My big crime is that I live in Romania, I think.

chefandy · on June 7, 2023

:: Google shaking its fist in the air ::

Damn Romanians!

Hard_Space · on June 8, 2023

> Damn Romanians!

Not even Romanian! (Brit transplant)

chefandy · on June 11, 2023

Everybody adopts the nationality of their IP address in internet land!

tyingq · on June 5, 2023

Anecdotal, but this happens to me a lot, and not just with the "site:" operator. Generally using any of the advanced operators seems to set it off. Things like inurl:, intitle:, etc, trigger it also. Not every time, but after a few times. From a normal ISP connection, no VPN, even while logged into Google, etc.

pteraspidomorph · on June 5, 2023

I personally have been surprised to find myself CAPTCHA'd out of google search recently. No idea what's up with that. Regular commercial ISP, no VPNs.

EvanAnderson · on June 5, 2023

I've never gotten a CAPTCHA-hellban that I know if, but I absolutely get a CAPTCHA when I use "site:" for more than just a couple searches. (It sounds par-for-the-course w/ Google, though...)

josephcsible · on June 5, 2023

FWIW, I've personally experienced exactly that happening too.

metalforever · on June 5, 2023

Yeah, I get these. The problem is that the Captchas take forever to fill out (like 5 minutes of challenges). But the worse part is that the captchas are asking for wrong answers. It tells you to select scooter and there's no scooter in the photo but it thinks there is. So you just end up stuck in a captcha loop for a long time.
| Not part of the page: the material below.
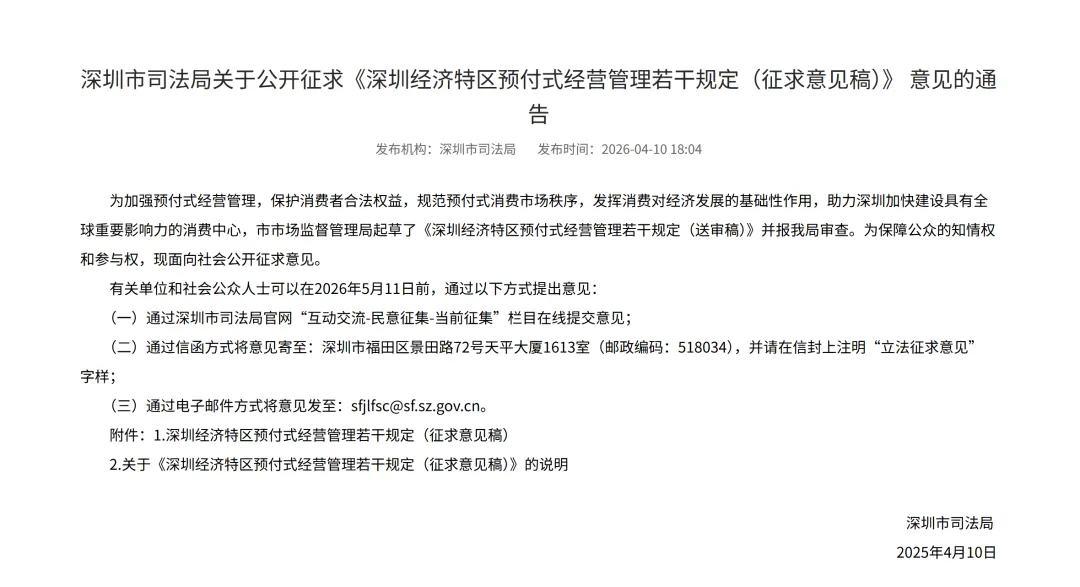 目前,《规定》正通过深圳市司法局官网等渠道公开征求意见,公众可在2026年5月11日前,通过深圳市司法局官网“互动交流-民意征集-当前征集”栏目在线提交意见,或通过电子邮件方式将意见发至:sfjlfsc@sf.sz.gov.cn。

I am not sure why I get them but it might be due to using anti-fingerprinting tools.

freedomben · on June 5, 2023

I've wondered if it isn't intentionally impossible to solve, because "the algorithm" decided that you're a bot or malicious and they want to spin your cycles endlessly. The affect on me know is I won't even try anymore, I'll just take a different route. That may even reinforcement teach the system that I was a bot that couldn't solve it

metalforever · on June 5, 2023

I think it's more malicious than that. They know I use privacy tools and can't be tracked -> they can't make money on me -> bully me into not using their service.

Atlas22 · on June 5, 2023

It may also be part of their anticompetitive war on other browsers. I get captchas constantly in a new default Firefox profile, but not in a new default chrome profile. Spoofing user agent to recent chrome agent in Firefox makes the captchas happen far less often for me.

privacyking · on June 5, 2023

I sometimes get multiple captchas in a row that I fill correctly but they keep on showing more..I then just do the audio one which works.

20after4 · on June 5, 2023

This is probably the common thread among all the people reporting this. As an alternate date point, I haven't experienced the captcha from using advanced search queries.

mavhc · on June 5, 2023

bots use it to find websites with security flaws I assume

GolfPopper · on June 6, 2023

>now it's nearly impossible for anything but the most vapid of queries

I've noticed that myself, looking for very precise content, which I know is out there but failed to bookmark. (Most recently, for amateur astronomy and roleplaying.) The solution to finding niche stuff now seems to be digging through relevant reddit or forum threads, hoping someone posted a link to it.

topicseed · on June 5, 2023

Very true. Some client websites have had half their keywords gone from position 1-3 to deindexed, then back, then gone, then back, and that's been since February 2023.

dontupvoteme · on June 5, 2023

>Add to that the automatic CAPTCHA-hellban you get if you use "site:" in anything more than a tiny amount

Is it more expensive, or do they just wish to prevent people from being able to cache their own results locally?

Gasp0de · on June 5, 2023

I assume it is so that websites don't abuse it to build search boxes for their own sites without showing ads?

E.g. I can build a searchbox on mywebsite.com, and if you type "hamster" I'll just query google for "site:mywebsite.com hamster" and return the results to you. That way, my site can be static but still have a search box, and google has all the work but gets no money.

bombcar · on June 5, 2023

I suspect it bypasses some advertising metric and they don't like it.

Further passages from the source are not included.